## Exercise instructions
Starting with the line that has "投石车(攻560、防210、命950、射1600、速100、负75)" in the records below and ending with the line that has "Paşê jî daxuyanî", output those lines exactly and nothing more; omit the pictures.

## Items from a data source
################
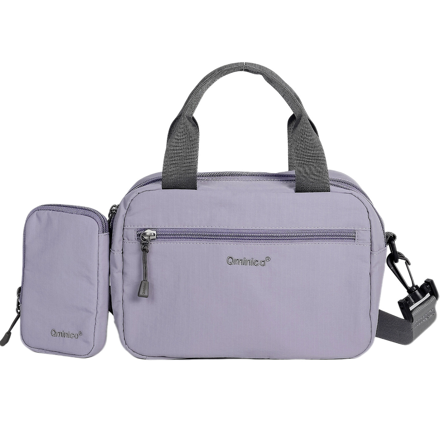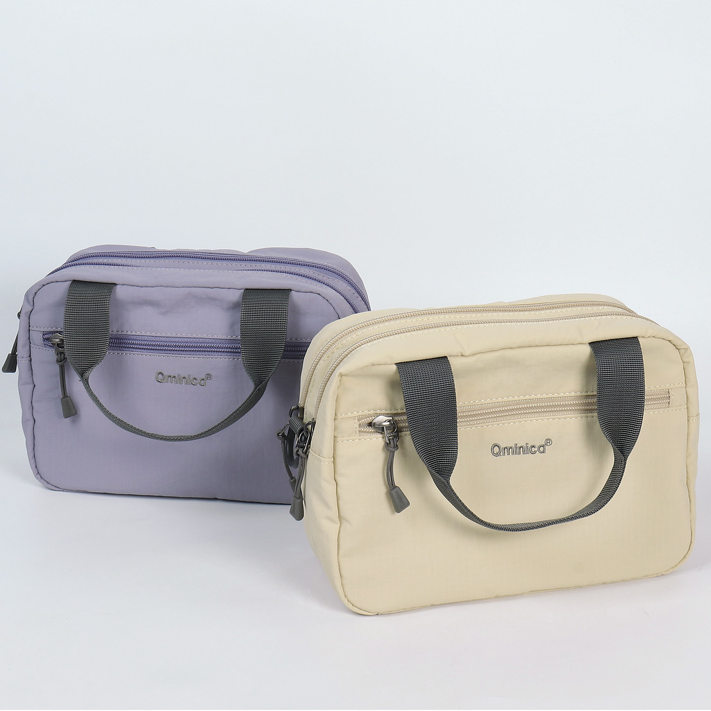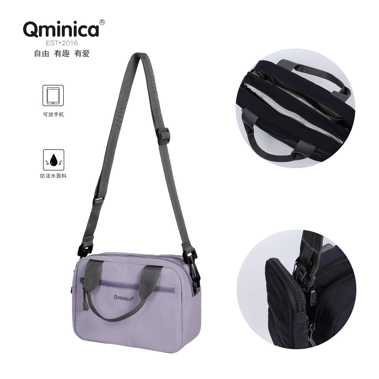 📚 Qminica多功能双层斜挎包女轻便大容量通勤手提单肩包休闲简约
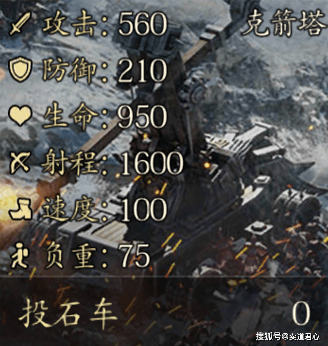 投石车(攻560、防210、命950、射1600、速100、负75)
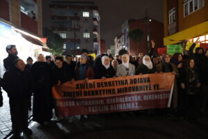 Paşê jî daxuyanî hat xwendin û daxuyanî bi dirûşmeya “Bijî berxwedana Rojava” bi dawî bû.
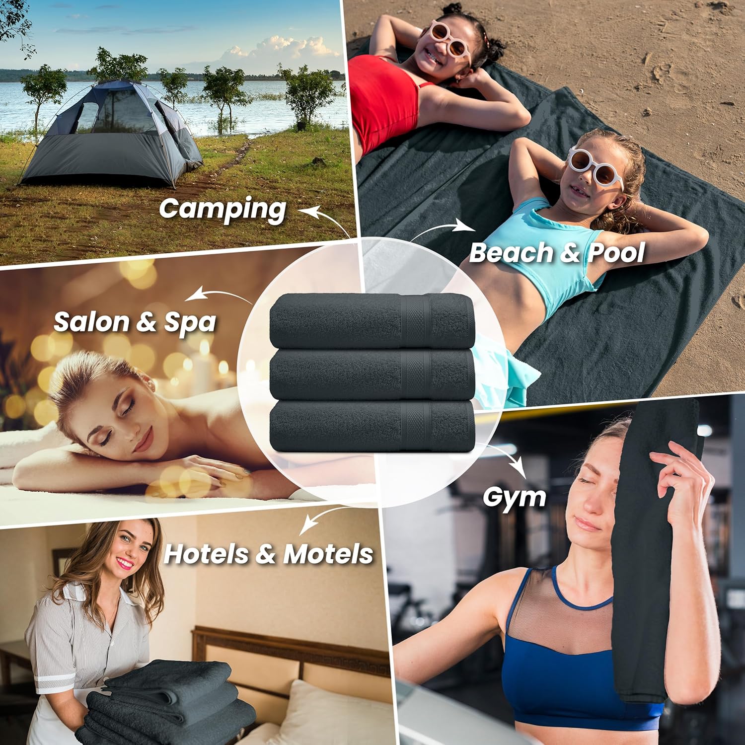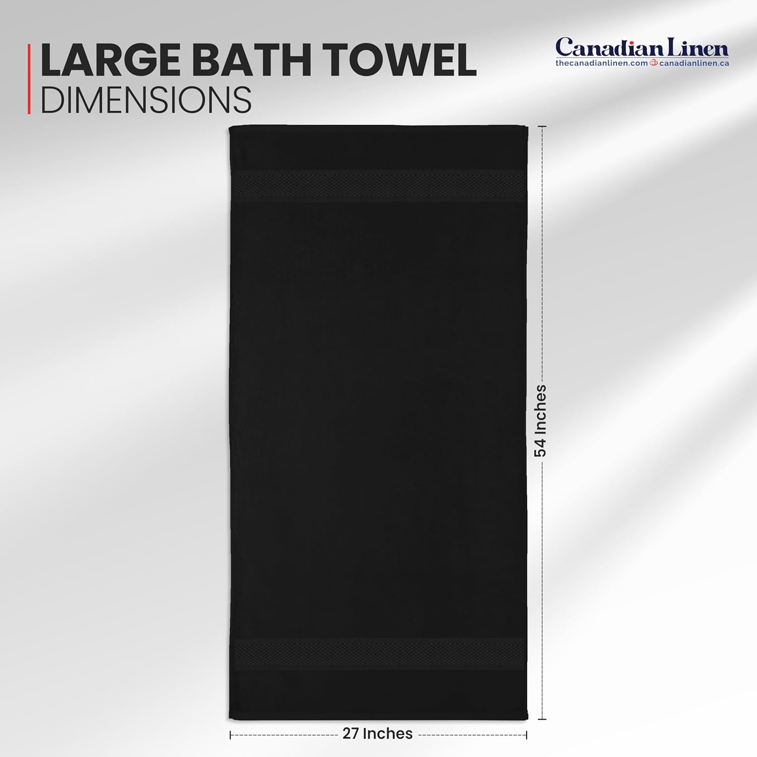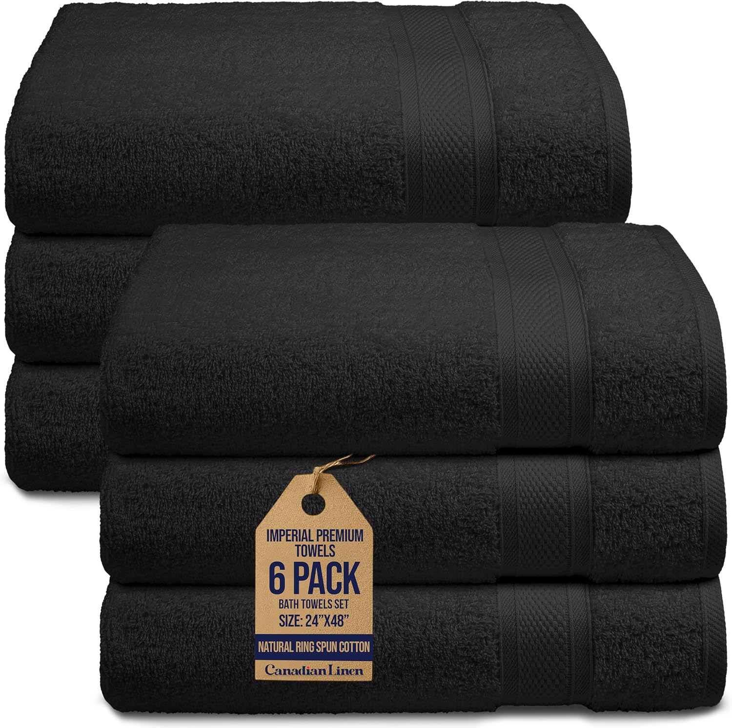 CANADIAN LINEN 4 PACK BLACK LARGE BATH TOWELS SET – IMPERIAL BRAND PREMIUM TOWELS: Canadian Linen Imperial Premium Black Color Large Size Bath Towels are 27 x 54 inches in size and come in a value pack of 4 bath towels. BEAUTIFUL & ATTRACTIVE COLOR TOWELS: Imperial brand Towels are available in 8 beautiful and attractive colors: Navy Blue / Dark Blue, Capri Blue / Light Blue, Charcoal Grey / Dark Grey, Hunter Green / Deep Green, Moss Green / Olive Green, Espresso Brown / Dark Brown, Jet Black, and Pearl White colors. SOFT, SMOOTH & ABSORBENT BATHROOM TOWELS: Imperial Towels are made of 100% premium ring spun cotton. Their soft & smooth Terry Texture is highly absorbent, gentle on skin and provides a great feel of luxury & comfort. They are hypoallergenic & fade resistant. BRICK BORDER DESIGN – DECORATIVE SPA TOWELS: Imperial towels feature a stylish Brick Border Design that adds a luxury look to your home décor with matching bath towels, bath sheets, hand towels, washcloths / face towels, towel sets, and piano border design bathmats. LIGHTWEIGHT QUICKDRY DURABLE SALON TOWELS: Our fast dry light weight towels are double stitched on all sides for durability ideal for hotels, motels, hospitality, Airbnb, vacation rentals, hair salon, sauna, guestroom, massage parlor, restaurant, nursing home, barber shop, office, senior care, hospital, college, dorm, shelter, and retirement center. SUSTAINABLE REUSABLE ECO-FRIENDLY TOWEL SET: Our Cotton Towels are sustainable and eco friendly alternative to plastic / polyester, microfiber towels / cloths, disposable napkins, facial tissue, and paper towels. They are reusable, machine washable, and a natural & organic healthy choice. MULTIPURPOSE TERRY COTTON TOWELS: Our body towels are used as hair towels, salon towels, body towels, hotel towels, daily towels, pool towels, shower towels, wrap towels, nursing towels, spa towels, barber shop towels, sports towels, dish towels, fingertip towels, gym towels, yoga towels, couple towels, travel towels, kitchen towels, cleaning towels, auto towels, beach towels, guestroom towels. BRANDED QUALITY FOR AFFORDABLE PRICE: Canadian Linen is one stop shop for all bed & bath linen. We offer towels, bathrobes, bedding, duvet, comforters, blankets, pillows, protectors, mattress pads, bamboo encasements, laundry bags, curtains, etc.
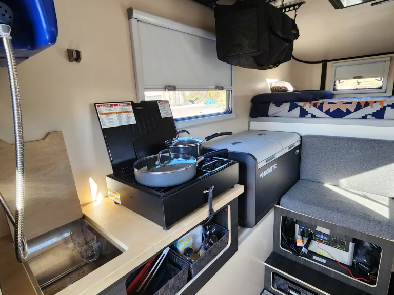 Enjoy off-grid comfort with solar power, a diesel heater, and a convenient kitchen.
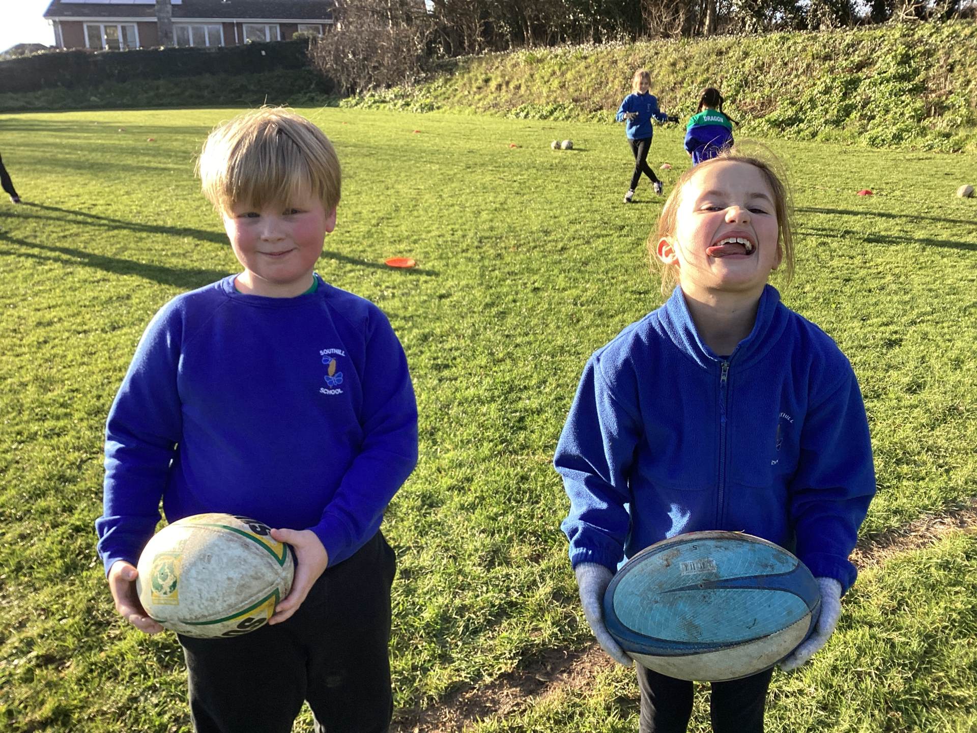 We began by getting to know the rugby ball. The children quickly noticed its unusual shape and learned that keeping it off the ground is very important. During the warm up the children ran around the area, scoring a try when “try” was called and throwing the ball into the air and catching it when “up” was shouted.
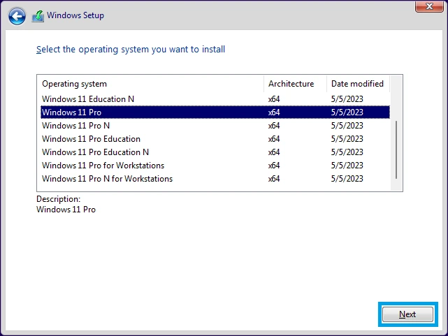 4. Select the edition of Windows you would like to install on your machine, then hit Next.
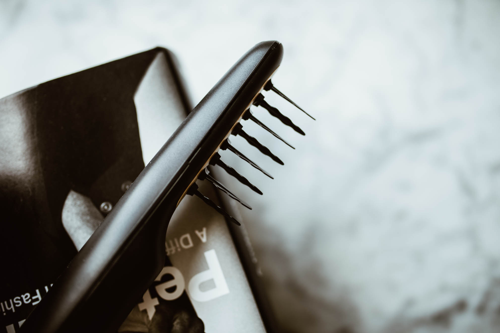 Doch ich wurde eines besseren belehrt und muss sagen, dass ich ziemlich begeistert von diesem neuen Teil bin. Die Tangled2Smooth Bürste löst wie der Name schon sagt ganz sanft alle Knoten und verursacht kein unangenehmes Ziehen an der Kopfhaut. Man kann die Bürste sowohl bei trockenem als auch nassem Haar verwenden und das aller beste meine Wellen bleiben viel besser erhalten, als mit einer normalen Bürste bzw. stehen meine Haare nicht in alle Richtungen und sind elektrisch.
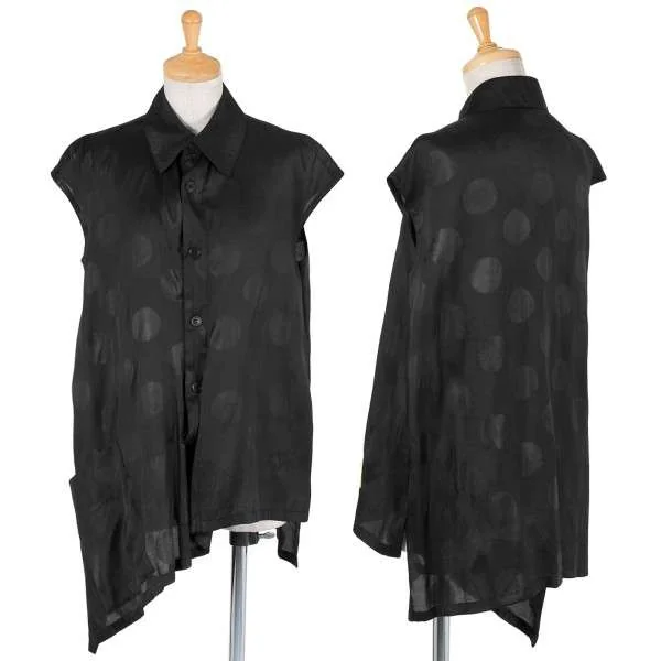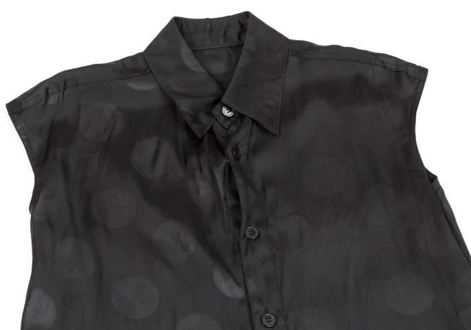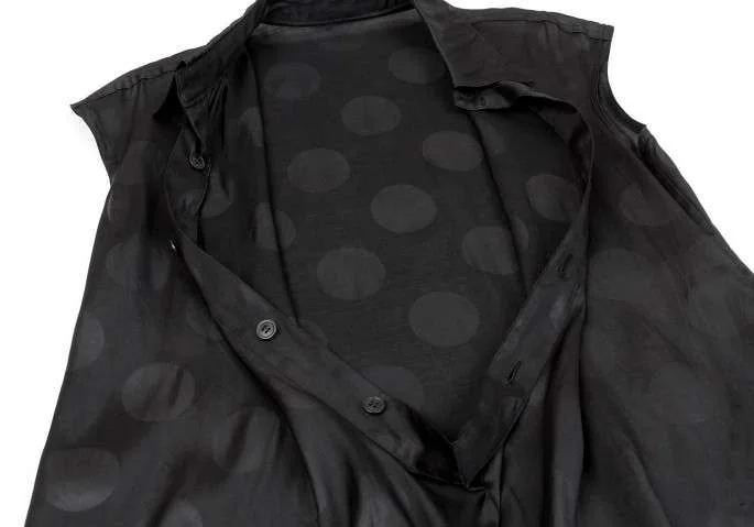ワイズY’s レーヨンキュプラドット柄ノースリーブプルオーバーシャツ 黒1
################
## Your response
 投石车(攻560、防210、命950、射1600、速100、负75)
 Paşê jî daxuyanî hat xwendin û daxuyanî bi dirûşmeya “Bijî berxwedana Rojava” bi dawî bû.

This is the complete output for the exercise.